Presently, while the development of personalized recommendation systems has been continuing to grow to a high degree, data sparsity, cold starts, and improving recommendation system performances are still open challenges that need to be solved in the recommendation system area. In this study, we proposed a novel rating prediction model with enhanced matrix factorization using hierarchical and tag information that addressed the above issues. Experimental results revealed the significant influence of the hierarchical and tag information used in combination to alleviate the issues of data sparsity and item cold starts compared to established MF techniques. The entire workflow of our proposed model for rating predictions was completed only in the case of items constituting tag information with the hierarchical information of users and items.
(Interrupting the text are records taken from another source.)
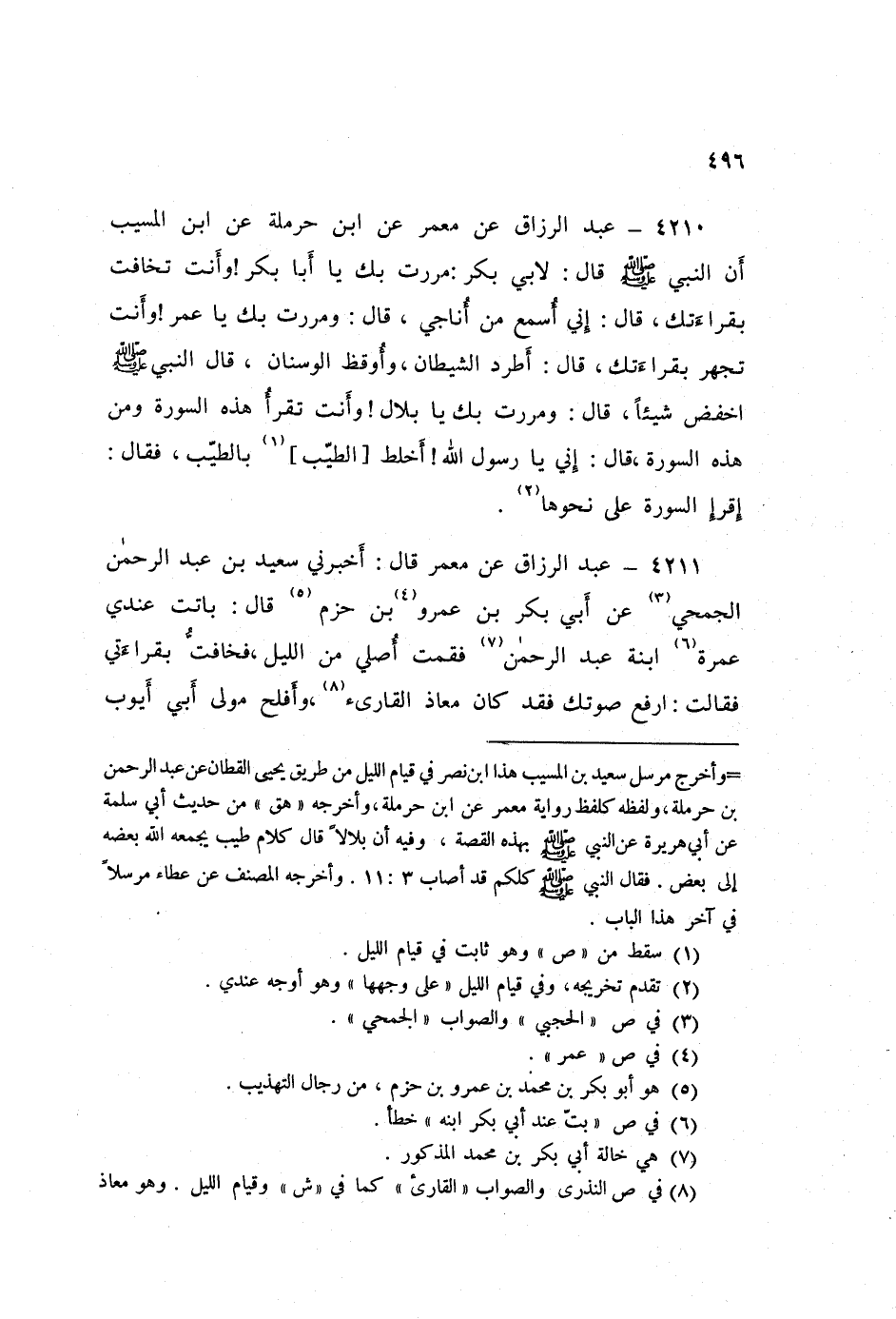 ٤٢١١ - عَنْ مَعْمَرٍ قَالَ: أَخْبَرَنِي سَعِيدُ بْنُ عَبْدِ الرَّحْمَنِ الْجُمَحِيُّ، عَنْ أَبِي بَكْرِ بْنِ عَمْرِو بْنِ حَزْمٍ قَالَ: بَاتَتْ عِنْدِي عَمْرَةُ ابْنَةُ عَبْدِ الرَّحْمَنِ فَقُمْتُ أُصَلِّي مِنَ اللَّيْلِ، فَخَافَتُّ بِقِرَاءَتِي، فَقَالَتِ: «ارْفَعْ صَوْتَكَ، فَقَدْ كَانَ مُعَاذٌ الْقَارِئُ، وَأَفْلَحُ مَوْلَى أَبِي أَيُّوبَ يُوقِظَانِنَا مِنَ اللَّيْلِ بِرَفْعِ أَصْوَاتِهِمَا»
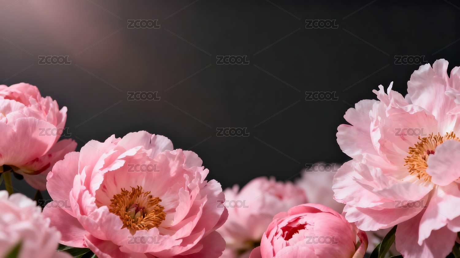 粉色,圆形,牡丹,花朵,花瓣,黑色,背景,光影,模糊,绿色
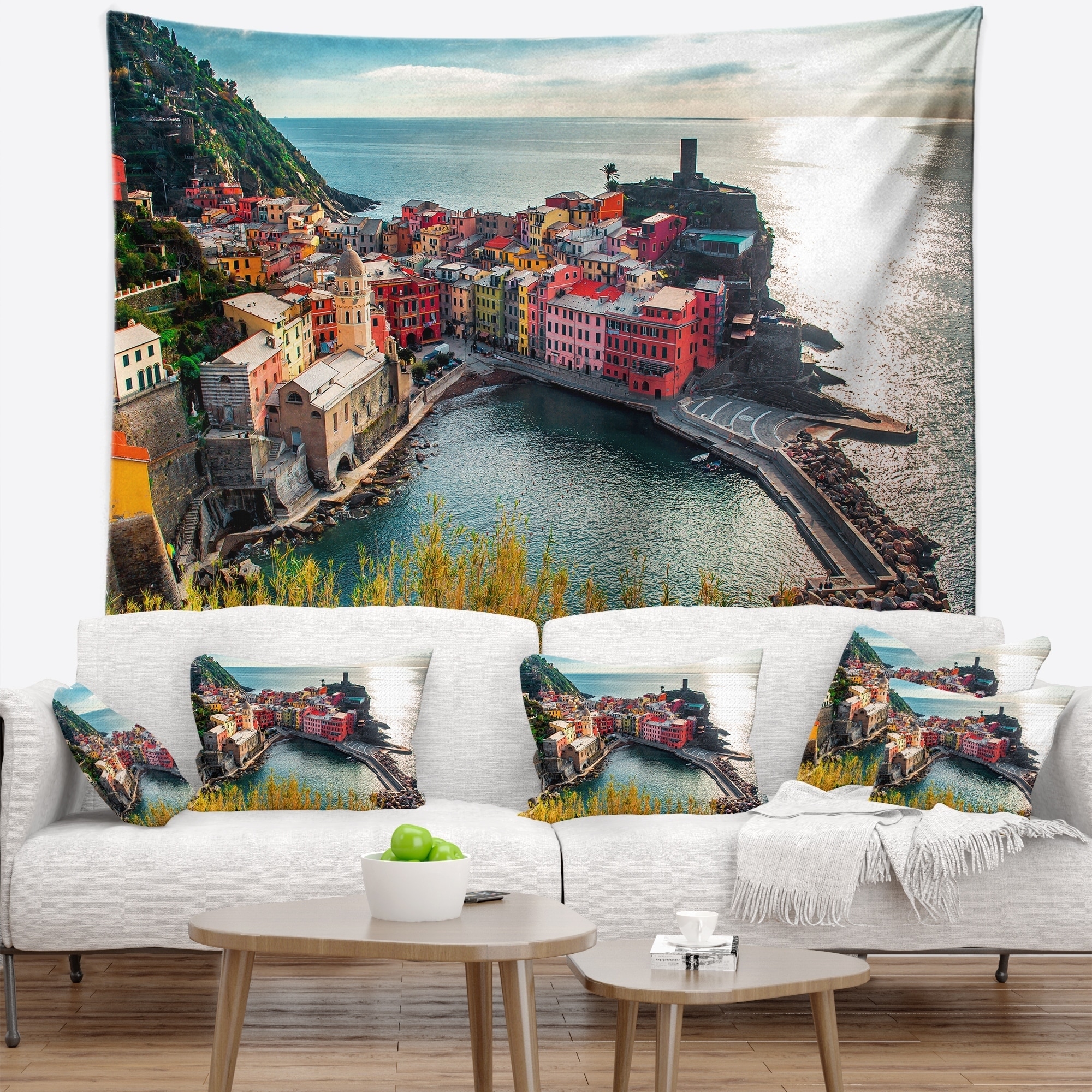 Designart 'Vernazza Bay Aerial View' Seascape Wall Tapestry
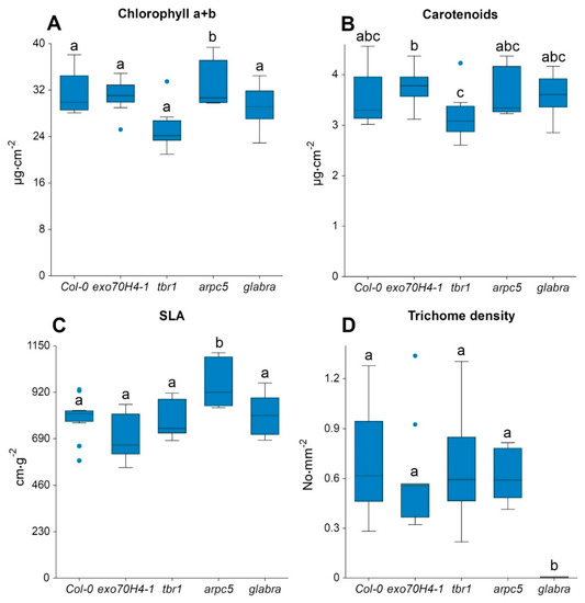 Leaf biochemical and structural parameters for A. thaliana lineages (Col-0, exo70H4-1, tbr1, arpc5, and glabra): (A) chlorophyll a + b content, (B) carotenoids content, (C) specific leaf area (SLA), and (D) trichome density. Differences among lineages were tested by one-way ANOVA. In the case of normal distribution, the Tukey–Kramer multiple comparison test was used; otherwise, the Kruskal–Wallis test was applied. Significance was set at a p-value < 0.05. Lines in boxes show median, bars show the inter-quartile range, and dots correspond to outliers.
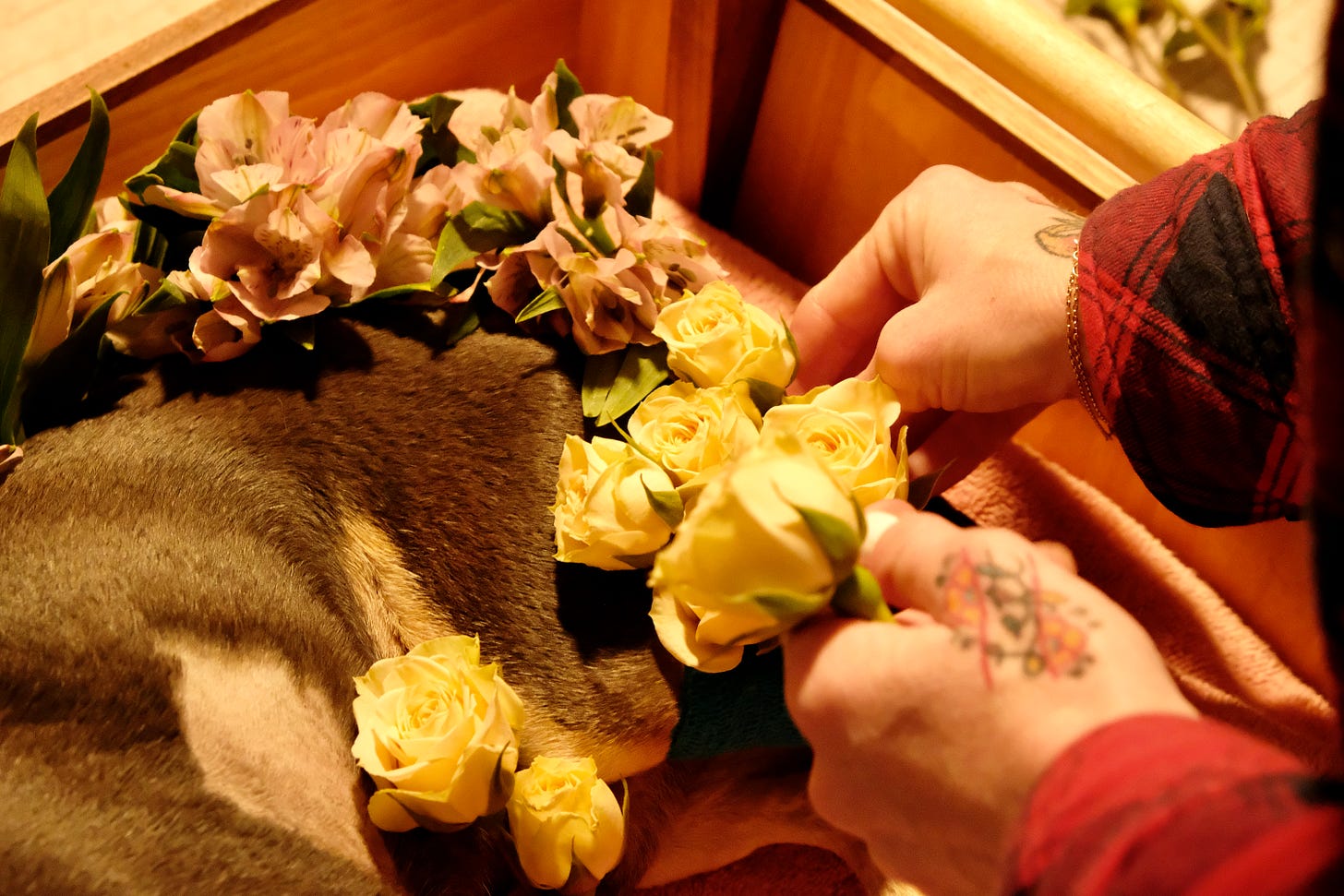 after roland died, we laid his body in a casket derek built by hand for the pets we euthanize in our work with our veterinary practice, which focuses on in-home euthanasia and was founded in 2017, after harper died (white fluff and unmitigated fury capped with wall-eyes and a tongue so long i’m certain it coiled around her brain like a woodpecker’s does. when did my life become a string of dead pets?) this casket has held many pets over three years, dogs and cats, all family, but this was the first time it held roland. i laid a quilt made of my softest old cotton t-shirts over him and tucked french fries around him, the ones he wouldn’t eat in the car home from the emergency vet because he felt like garbage warmed over an open flame in hell, and then i held onto him for three days.

In particular, deep factorization on the user preference and item characteristic matrices was accomplished due to their non-negativity to get hidden-level hierarchical structured features, while tag information was used to regularize the matrix factorization process of a basic WNMF model to complete our prediction model. During the experimental testimony process, we concluded that if the values of the dimensions increased, the proposed model performance tended to increase at first and then decrease. Despite the superiority of the proposed approach, several problems were encountered, especially with the advances in the domain that focus on the high volume of data available for making recommendations. Therefore, future research could explore more sophisticated models for estimating the importance of the hidden features of users and items that the features represented as hierarchical structures, as well as tag information preference, by using recent deep learning methods and algorithms. Additionally, future research work might similarly also develop an explainable and interpretable recommendation system based on the above hidden features.

Author Contributions

This manuscript was designed and written and the experiments were performed by A.K. A.A. helped to revise and improve the manuscript. The theory and experiments were analyzed and commented on by T.K.W. All authors have read and agreed to the published version of the manuscript.

Funding

This research is supported by Ministry of Culture, Sports and Tourism and Korea Creative Content Agency (Project Number: R2020040243).

Acknowledgments

The authours A.K. and A.A. would like to express their sincere gratitude and appreciation to the supervisor, Taeg Keun Whangbo (Gachon University) for his support, comments, remarks, and engagement over the period in which this manuscript was written. Moreover, the authors would like to thank the editor and anonymous referees for the constructive comments in improving the contents and presentation of this paper.

Conflicts of Interest

The authors declare no conflict of interest.

References

Bobadilla, J.; Ortega, F.; Hernando, A.; Gutierrez, A. Recommender systems survey. Knowl. Based Syst. 2013, 46, 109–132. [Google Scholar] [CrossRef]
Ricci, F.; Rokach, L.; Shapira, B.; Kantor, P.B. Recommender Systems Handbook; Springer: Berlin, Germany, 2011; ISBN 978-0-387-85819-7. [Google Scholar]
Koren, Y.; Bell, R.; Volinskiy, C. Matrix factorization techniques for recommender systems. IEEE Comput. 2009, 42, 30–37. [Google Scholar] [CrossRef]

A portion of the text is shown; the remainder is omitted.